Let $m_1=6.21\,\mathrm{kg}$ and $m_2= 9.4\,\mathrm{kg}.$ Let $v_{1} \; \mathrm{and}\; v_2$ be the initial velocities of bodies and $u_{1} = 1.9\,\mathrm{m/s}\; \mathrm{and}\; u_2 = 0.80\,\mathrm{m/s}$ be the velocities after the collision.

We may write the law of conservation of impulses (see https://en.wikipedia.org/wiki/Momentum#Conservation):

$m_1\vec{v_1} + m_2\vec{v_2} = m_1\vec{u_1} + m_2\vec{u_2}.$

$\vec{v_1}$ is directed left because the final velocity of the first body is directed right. In projection

$-m_1v_1+ m_2v_2 = m_1u_1 - m_2u_2.$ Here $v_1 \, \mathrm{and}\; v_2$ are positive values.

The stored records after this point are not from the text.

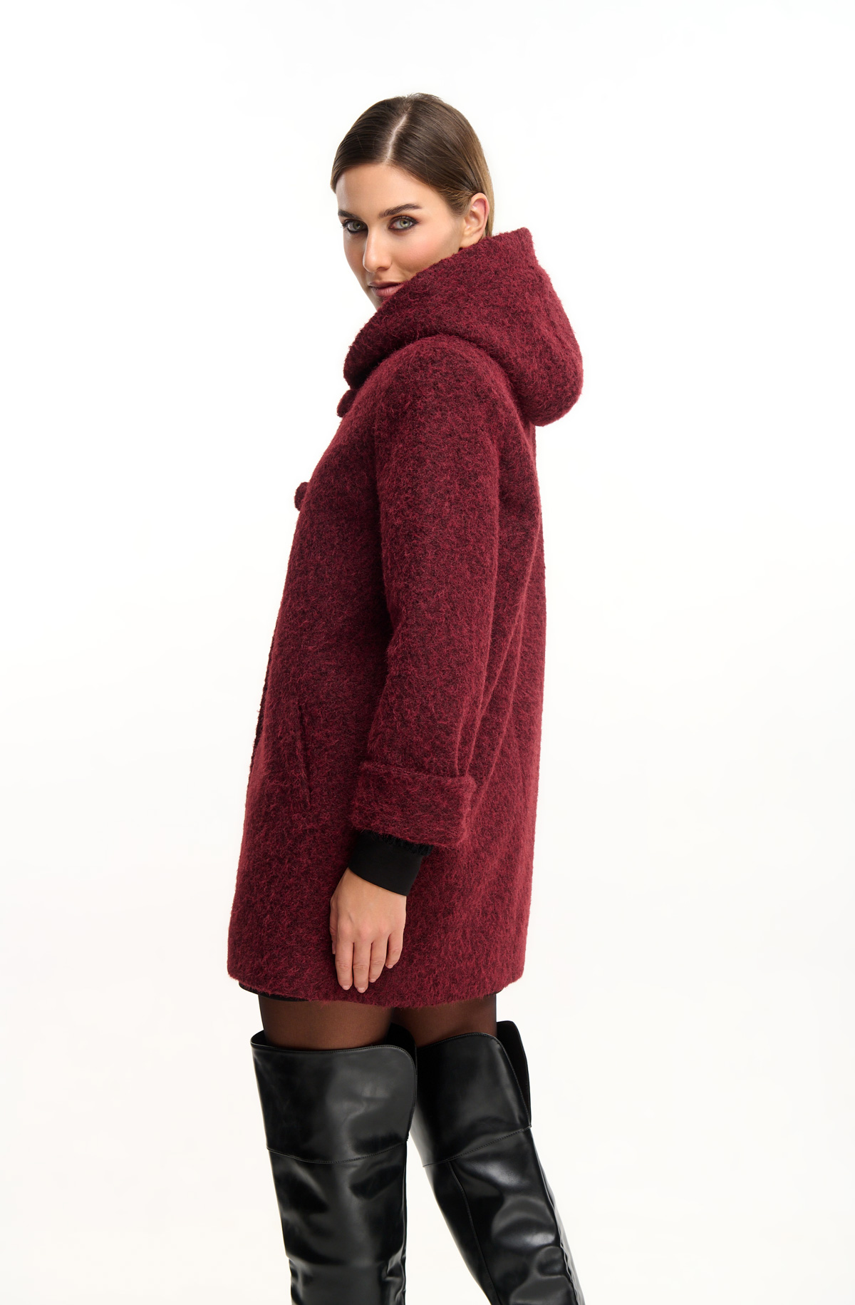 Γυναικείο παλτό με κουκούλα. Διαθέτει κουκούλα, πλαϊνές τσέπες και κλείσιμο με κουμπιά. Είναι ελληνικής κατασκευής.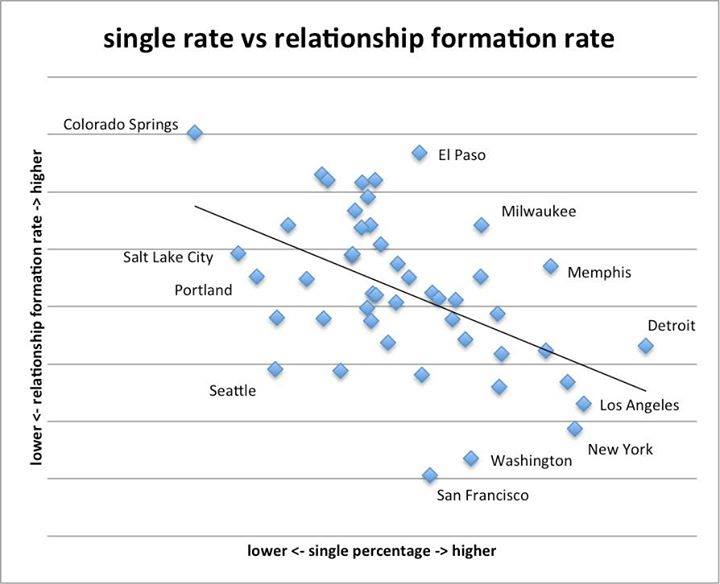 « In a city where everyone is paired up, the incentive to pair up is even stronger, while cities like New York and Miami are places that people go to be single ». (via Looking for Love)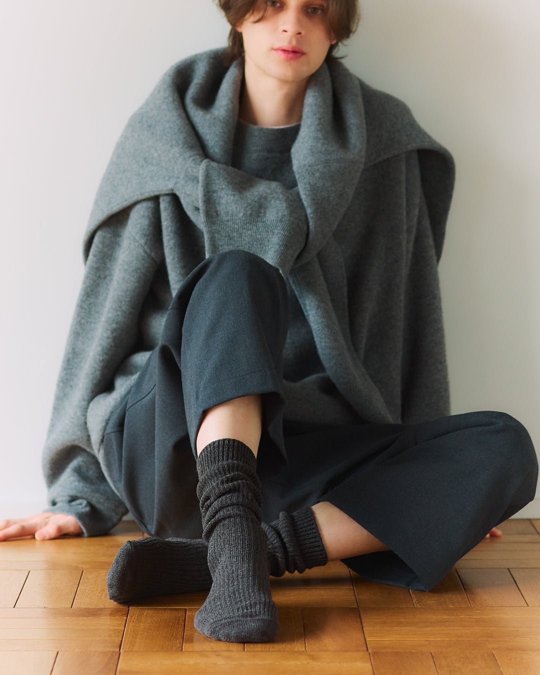 ルーズな表情とハリのある触感。 前シーズンよりリリースされたcrispyを更にアップデートしたモデル。 アクリルウールを入れ込むことで、ハリ感だけなくふっくらとした柔らかな表情もプラスされています。 リブ編み機をあえて低速でゆっくりと編み上げることで、ソフトな感触と表情に。 リラックス感がありながらも上質さを持ち合わせたソックスです。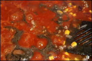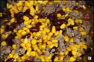 Zuerst werden die klein geschnittenen Zwiebeln in etwas Sonnenblumenöl glasig gedünstet, dann kommen das Hackfleisch, die Kidney-Bohnen …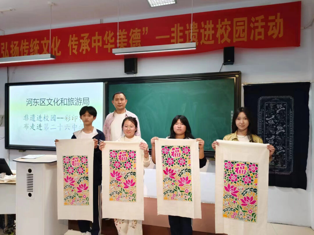 今日河东区文化和旅游局组织省级非遗项目“彩印花布”走进临沂第二十六中学,开展非遗进校园活动。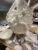 To create the texture, I manipulated damp tablecloth fabric around broomsticks and allowed it to set in place, producing curled forms with pleated crease details. The exaggerated volume of the skirt and sleeves is contrasted with a sleek, minimal top that accentuates the asymmetric waistline. This clean, clinical upper silhouette is intended to juxtapose the chaos, delusion, and hallucination expressed through the lower half of the look.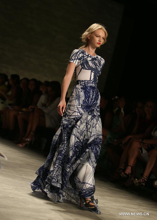 A model presents a creation of the Spring/Summer 2015 LUIS ANTONIO collection during the New York Fashion Week in New York, the United States, Sept. 6, 2014. (Xinhua/Qin Lang)
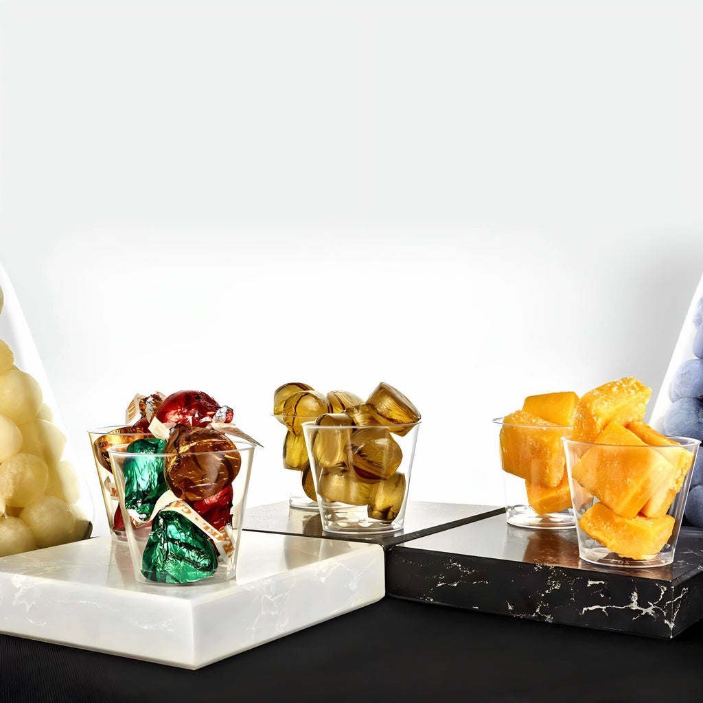 Clear Deluxe Plastic Tumbler - 1oz (Pack Of 50) - Premium Disposable Party Cups - Perfect For Events & CelebrationsPREMIUM QUALITY & DESIGN: Our Clear Deluxe Plastic Tumblers are made from durable, high-quality materials, ensuring your guests will be impressed with their stylish, crystal-clear appearance at any event or celebration.QPERFECT SIZE: Each 1oz tumbler is the ideal size for serving beverages and small appetizers, making them a versatile choice for a variety of occasions. With 50 tumblers included in each pack, this disposable party cup set provides the perfect amount of convenience for any gathering.WIDE RANGE OF USE: These premium disposable party cups are perfect for weddings, birthdays, baby showers, corporate events, or any outdoor celebration. Serve your favorite cocktails, mocktails, and smoothies, or even use them for elegant dessert presentations.EASY CLEAN-UP: Our Clear Deluxe Plastic Tumblers are recyclable, making them an environmentally responsible choice. Plus, their disposable nature means your cleanup after any event will be fast, easy, and hassle-free.ACE YOUR CELEBRATION: Create the ultimate party experience with our Clear Deluxe Plastic Tumbler - 1oz (Pack of 50) by ensuring a stylish, high-quality ambiance with a sophisticated touch. Don't miss out on impressing your guests and ace your celebration with these beautiful, premium disposable party cups.

Next, we substitute the values of mass and velocity and get

$-m_1v_1 + m_2v_2 = 4.279\,\mathrm{kg\,m/s}.$

Let us write the law of conservation of energy:

$\dfrac{m_1v_1^2}{2} + \dfrac{m_2v_2^2}{2} =\dfrac{m_1u_1^2}{2} + \dfrac{m_2u_2^2}{2}\,.$

We may multiply the expression on 2 and calculate the right hand.

${m_1v_1^2} + {m_2v_2^2} =28.4341\,\mathrm{J}.$

So we have a system of equations, namely

$\begin{cases} -m_1v_1 + m_2v_2 = 4.279\,\mathrm{kg\,m/s}, \\ {m_1v_1^2} + {m_2v_2^2} =28.4341\,\mathrm{J}. \end{cases}$

Therefore,

$\begin{cases} -6.21v_1 + 9.4v_2 = 4.279, \\ {6.21v_1^2} + {9.4v_2^2} =28.4341. \end{cases}$ $\begin{cases} 6.21v_1 = 9.4v_2-4.279, \\ {6.21^{-1}\cdot( 9.4v_2-4.279)^2} + {9.4v_2^2} =28.4341. \end{cases}$

Solving the last equation, we get $v_{2,1} = -0.8\,\mathrm{m/s}\; (u_{1,1} =-1.9\,\mathrm{m/s} )$ and $v_{2,2} = 1.35\,\mathrm{m/s}\; (u_{1,2} =1.35\,\mathrm{m/s} ).$ The first pair of values is negative, so we should choose the second pair.